| title |
|---|
Python / Logging / Performance |
Python / Logging / Performance
-
從 logging flow 看來,呼叫 logging method 當下,在經過 level、filter 的檢查之後,就會馬上交由 handlers 寫出,所以 handler 寫出的動作確實會影響程式的執行速度。
-
雖然 logging method 內部一定會做
isEnabledFor(level)的檢查,但若是準備傳入 logging method 的參數需要花點時間,建議自行先做過isEnabledFor(level)的檢查,才不會花時間準備了資料,但最後卻用不到。if logger.isEnabledFor(logging.DEBUG): logger.debug("Diagnostic data; %r", _prepare_data()) -
在 logging method 呼叫的當下,就會花時間蒐集 logging 的位置、當下的 thread、process 等,這些資訊若最後沒有要輸出,把一些開關關掉,就不用花時間蒐集:
logging._srcfile = None logging.logThreads = False logging.logProcesses = False實驗確認,把
logging._srcfile設為None,在發生錯誤時logger.exception()仍然可以回報出錯的位置,不用擔心。 -
Handler 寫出 log 時受限於 I/O 效能,解法是把 I/O 拉到背景做 -- 呼叫 logging method 當下先將
LogRecord寫進 queue,另一邊再將 queue 裡面的LogRecord轉換成 log 寫出。
參考資料:
-
Logging Flow - Logging HOWTO — Python 3.6.8 documentation 從 flowchart 先釐清幾件事:
- 左側 logger flow 從 logging call in user code 開始,經過 level、filter 判斷,就會進入 pass to handlers of current logger,這中間並非是 async 的,所以 handler 寫出 log 的過程,可能會拖慢 user code 的執行。
- 右側 handler flow 在經過 level、filter 的判斷,最後要寫出前才會做 formatting。
-
multithreading - python logging performance comparison and options - Stack Overflow #ril
-
Optimization - Logging HOWTO — Python 2.7.16 documentation #ril
-
Formatting of message arguments is DEFERRED UNTIL IT CANNOT BE AVOIDED. However, COMPUTING THE ARGUMENTS passed to the logging method can also be expensive, and you may want to avoid doing it if the logger will just throw away your event.
To decide what to do, you can call the
isEnabledFor()method which takes a level argument and returns true if the event would be created by theLoggerfor that level of call.
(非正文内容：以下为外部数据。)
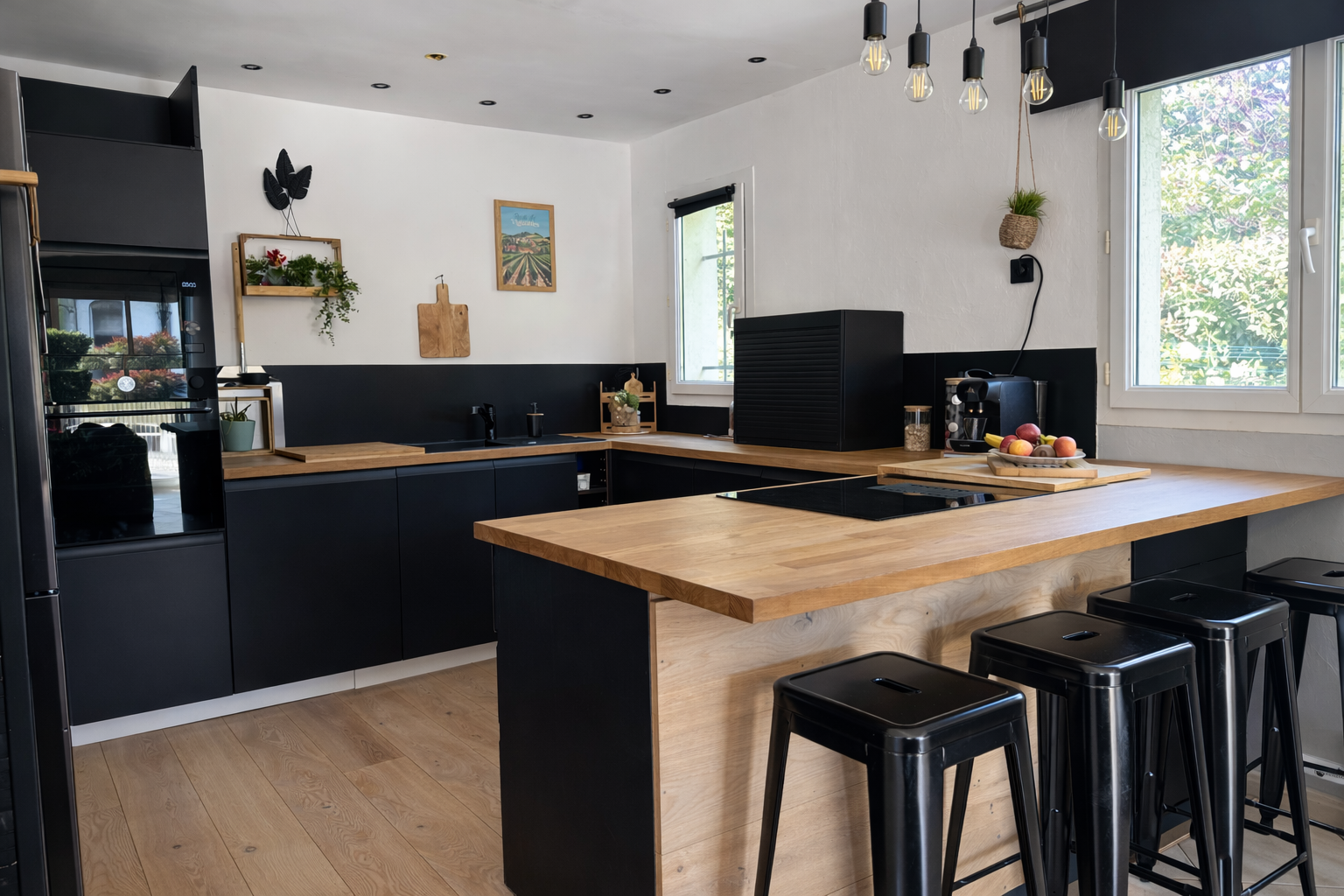 Ce dernier permet d’accéder à un espace complémentaire aujourd’hui aménagé en petit salon et quatrième chambre, parfait pour créer un espace indépendant (ado, télétravail, invités…).

You can write code like this:if logger.isEnabledFor(logging.DEBUG): logger.debug('Message with %s, %s', expensive_func1(), expensive_func2())so that if the logger’s threshold is set above
DEBUG, the calls toexpensive_func1()andexpensive_func2()are never made. -
Note In some cases,
isEnabledFor()can itself be more expensive than you’d like (e.g. for DEEPLY NESTED LOGGERS where an explicit level is only set high up in the logger hierarchy).In such cases (or if you want to avoid calling a method in TIGHT LOOPS), you can cache the result of a call to
isEnabledFor()in a local or instance variable, and use that instead of calling the method each time.Such a cached value would only need to be recomputed when the LOGGING CONFIGURATION CHANGES DYNAMICALLY while the application is running (which is not all that common).
不過從
logging.Logger的實作看來,內部總會呼叫if self.isEnabledFor(level):,且會將結果快取 (依 hierarchy 推算 effective level 會花點時間),所以 client code 先做過isEnabledFor()的檢查肯定能省下準備 arguemnt 的時間,但isEnabledFor()時間花下去是否值得就不用多想了。 -
There are other optimizations which can be made for specific applications which need more precise control over what logging information is COLLECTED. Here’s a list of things you can do to avoid processing during logging which you don’t need:
-
Information about where calls were made from.
Set
logging._srcfiletoNone. This avoids callingsys._getframe(), which may help to speed up your code in environments like PyPy (which can’t speed up code that usessys._getframe()). -
Threading information.
Set
logging.logThreadsto0. -
Process information.
Set
logging.logProcessesto0.
從
LoggerRecord的 constructor 看來,LogRecord.thread、LogRecord.threadName、LogRecord.process都是根據logging.logThreads、logging.logProcesses決定要不要 "即時" 取得這些資訊,跟 format string 是否有引用到 thread/process 相關的 attribute 無關,所以如果最後的輸出用不到,一開始就把它關了。至於
logging._srcfile這個開關則是用在Logger._log()裡,這也是很花時間的。實驗確認,把logging._srcfile設為None,在發生錯誤時logger.exception()仍然可以回報出錯的位置,這樣就很夠了。Also note that the core logging module only includes the basic handlers. If you don’t import
logging.handlersandlogging.config, they won’t take up any memory. -
-
-
Adventures in Python Logging – Part 1 Avoiding expensive logging call parameters – Bespoke Bytes (2017-11-19) #ril
-
Dealing with handlers that block - Logging Cookbook — Python 3.7.3 documentation
-
Sometimes you have to get your logging handlers to do their work WITHOUT BLOCKING THE THREAD YOU’RE LOGGING FROM. This is common in Web applications, though of course it also occurs in other scenarios.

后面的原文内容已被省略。